First CISESS Seed Grants Announce Results
(a) Lightning Cameras; (b) PMW Emulator; (c) Student-Built Radiometer; (d) Virtual Reality Interface
CISESS Seed Grant Program: Results of 2022 Awards
CISESS is proud to announce the results of its first four Seed Grants, awarded in 2022. The awards went to four projects.
(1) Real-Time NOAA Weather and Climate Product Analysis in Virtual Reality: Guangyang Fang & Joseph Patton and two student interns have developed a remote streaming VR interface to view 100 years of 3D climate data on ENSO. For more on this project's results, go to Virtual Reality.
(2) Building & Deploying Tools to Better Observe Lightning in the Washington D.C. Region & Beyond: Daile Zhang has designed a new low-cost Raspberry Pi camera lightning monitor. With the help of her three student interns, she set up six sites in three states. See Lightning Cameras for more information.

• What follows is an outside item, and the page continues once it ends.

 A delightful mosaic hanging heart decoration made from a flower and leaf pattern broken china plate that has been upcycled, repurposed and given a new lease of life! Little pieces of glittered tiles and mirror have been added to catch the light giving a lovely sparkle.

(3) Emulating Satellite Passive Microwave Brightness Temperature from the GOES Advanced Baseline Imager: Veljko Petkovic and Malarvizhi Arulraj, with the help of PhD student, have developed a passive microwave emulator from ABI data using artificial intelligence/machine learning. See PMW Emulator for details.

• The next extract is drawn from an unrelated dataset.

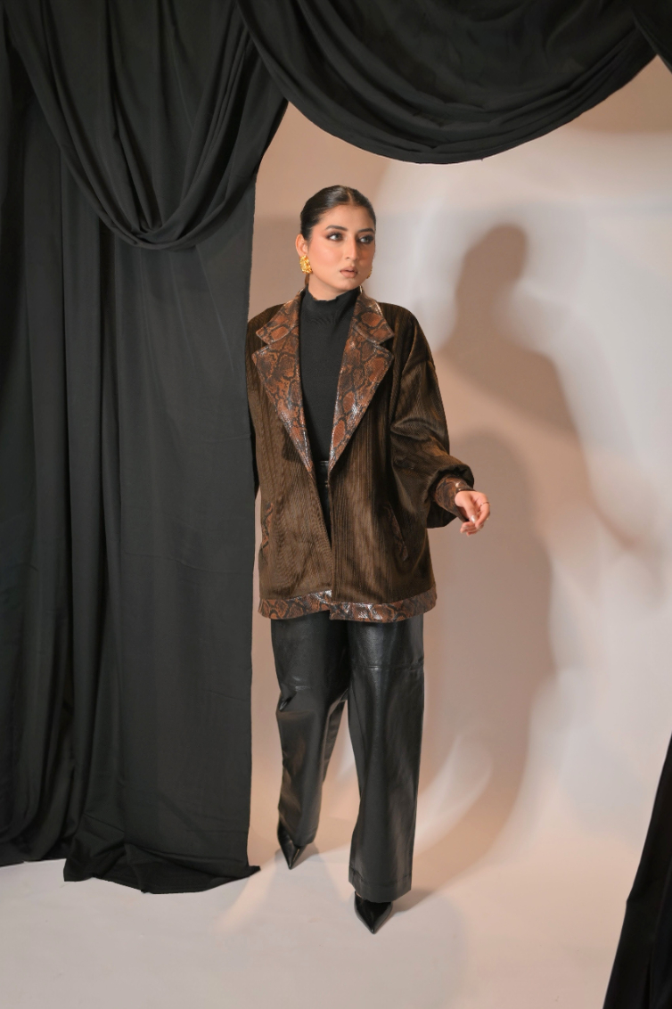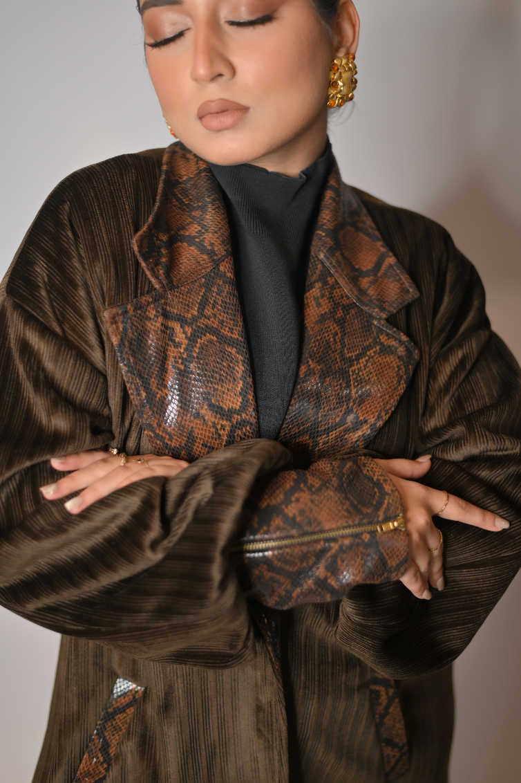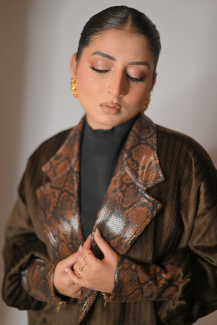 This jacket is an absolute showstopper. It features a gorgeous pleated fabric that catches the light, giving off a deep bronze shimmer. The massive faux snake leather lapels add that perfect vintage grit and glamour.

(4) Developing a Low-Cost Microwave Radiometer for Student Training and Supporting JPSS Programs: Hu Yang and Jun Dong helped five student interns build and test a microwave radiometer. This Seed Grant also funded the development of the new CISESS Remote Sensing Laboratory. Their results are at Student-Built Radiometer.
The second year of the CISESS Seed Grant Program is already underway! The four proposals selected this year are:
Hu Yang and Jun Dong, Improvements to the Remote Sensing Laboratory for Student Training and Supporting NOAA's JPSS Program;
Malar Arulraj and Veljko Petkovic, 3D-VisSys: Three-Dimensional Weather Visualization System For Maryland-DC Region;
Xi Shao, Enhancing CISESS Remote Sensing Laboratory to Support Calibration and Validation using Field Campaign for JPSS/VIIRS and GOES/ABI; and
Peter Beierle, Development of an Improved CO2 Trace Gas Retrieval Product from Hyperspectral Infrared Data Using Machine Learning.